Anybody have any ideas about quick horsepower for the 2.4 Altimas? Also Do the cheaper chips do anything for them hp wise? 
Sent from AutoGuide.com Free App


----------



## smj999smj (Jan 1, 2006)

Don't waste your money on the "cheap chips." Most of them just use a resitor in place of teh intake air temp sensor to give a false reading to the ECM. The result is a slightly richer mixture and little to no gain in noticeable performance. There really isn't much "on the cheap" that will give you significant gains. Advancing the ignition timing about 3 degrees over the stock spec tends to "wake up" most Nissan engines. Keep it tuned up using a good set of wires (ie NGK) and NGK plugs and Nissan cap & rotor. More than that and you'll be lookiing at making exhaust and intake mods, cams, remapped ECM, etc., not of which I would consider "cheap."


----------



## aallttiimmaa (Mar 9, 2013)

Awesome thanks for the info!

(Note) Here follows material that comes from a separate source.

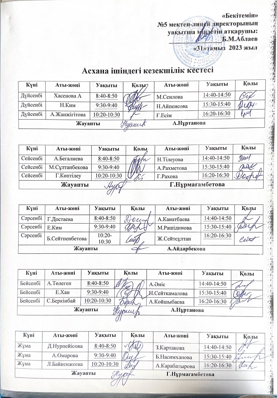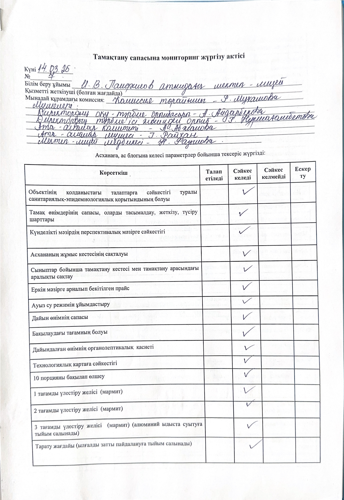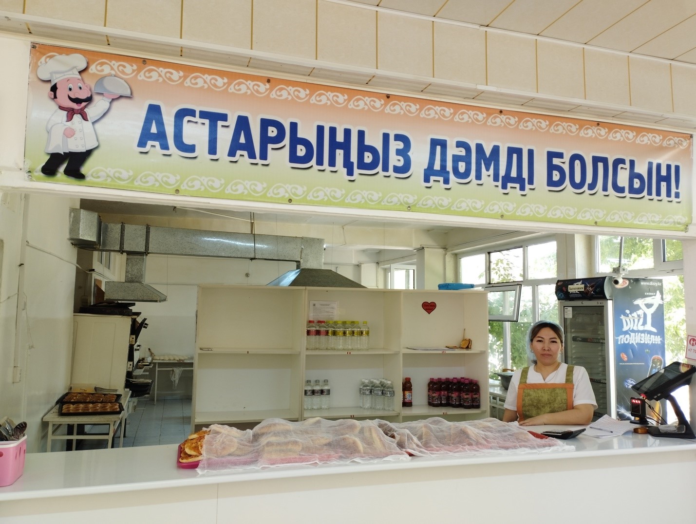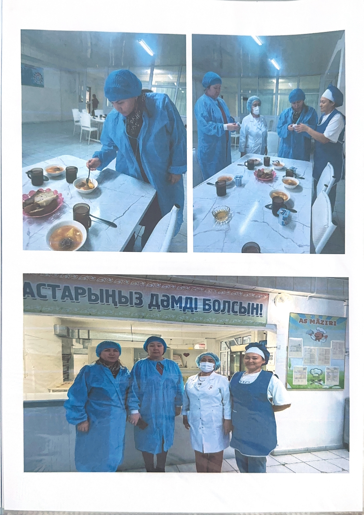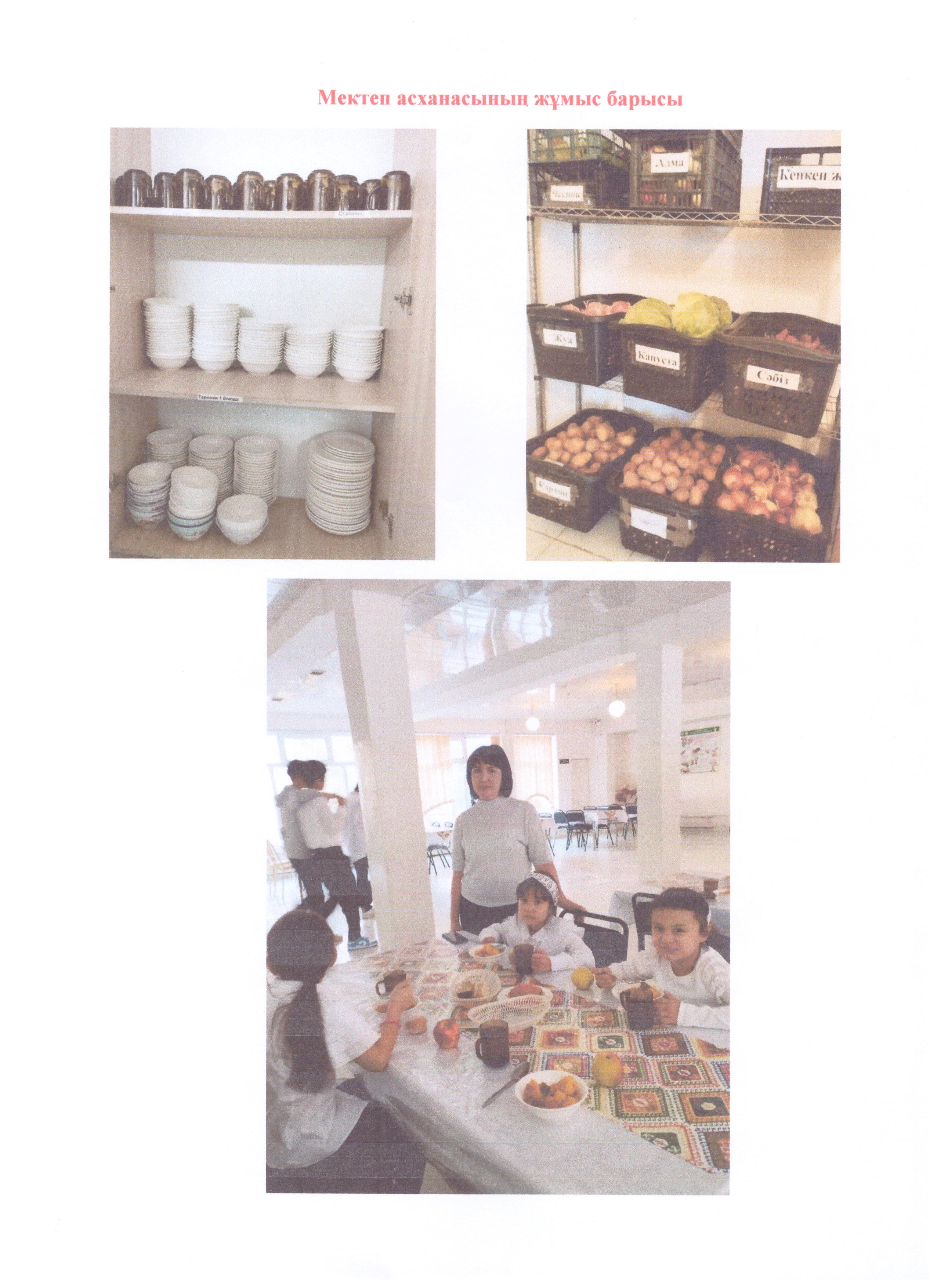 Мектептің асханасы 132 орындық.Тамақ пісіру, азық түлік сақтау бөлмелері бар. Асхананы жалға алушы кәсіпкер Махамбетова Гулшат. Асхана аптасына 5 күн: бірінші және екінші ауысымда жұмыс істейді. Күнделікті тамақ пен ас мәзірін және оның берілуін мектеп медбикесі Н. Фазылова және әлеуметтік педагог А. Нұртанова қадағалайды.Тамақтану бірінші ауысымда сағат 10.25-10.35 аралығында, екінші ауысымда сағат 16.20-16.30 аралығында кезекші мұғалімдер мен сынып жетекшілерінің көмегімен жүзеге асырылады.Бір балаға арналған тамақтың құны 557 теңге. Мектепте жұмыс жасап отырған асхана санитарлық ереже талабына сай.Технологиялық құралдармен, тамақ пісіретін қажетті электр плиталары, ыдыс аяқтар және тоңазытқыштармен қамтылған. Асхананың материалдық - техникалық базасы жақсы деңгейде.Қойма бөлмесі, мұздатқыш жұмыс жасап тұр. Тамақ асханада дайындалады. Асханада 2 аспазшы, 1 буфетші, 2 наубайшы,1 ыдыс жуушы, 1 еден жуушы және 2 зал қызметкері 1 диетолог қызмет етеді.Аспаздардың кәсіптік білімі бар. Жасөспірімдердің тамағының нәрлілігі мен құрамы талапқа сай болуы үнемі басты назарда. Асханада ас мәзірінің орны белгіленіп, күнделікті берілетін дәруменді тамақтар мен жеміс жидектердің ауысып келіп отырылуын мектеп әкімшілігі басшылықта ұстайды.Тамақ пісіруде йодталған тұз пайдаланылады. Сүт өнімдері де белгіленген нормаға сәйкес берілуде. Экологиялық таза сумен қамтылған.Асхананың жұмыс істеуіне қажетті бұйрықтар шығарылып,ыстық тамақпен қамтылған оқушылар тізімі мен тамақтану кестесі жасақталды.

What do u recommend on the exhaust, intake, and ecu? How do u remap it? Thanks again! 

Sent from AutoGuide.com Free App


----------



## aallttiimmaa (Mar 9, 2013)

ECM*

Sent from AutoGuide.com Free App


----------



## smj999smj (Jan 1, 2006)

First you have to decide on what mods you are planning for your engine. Once you have that info, you would send your ECM out to a company like JWT to have them rework your ECM. As far as your mods, part of the equation will be if you need to have your vehicle pass state inspection and how tough your state is.


----------



## aallttiimmaa (Mar 9, 2013)

I see! I have a Megasquirt for the 2.4 motor but it's for an OBD1 car and the car I upgraded to its an OBD2 car. That is the reason for the other question about the adapter! Lol. 

Sent from AutoGuide.com Free App


----------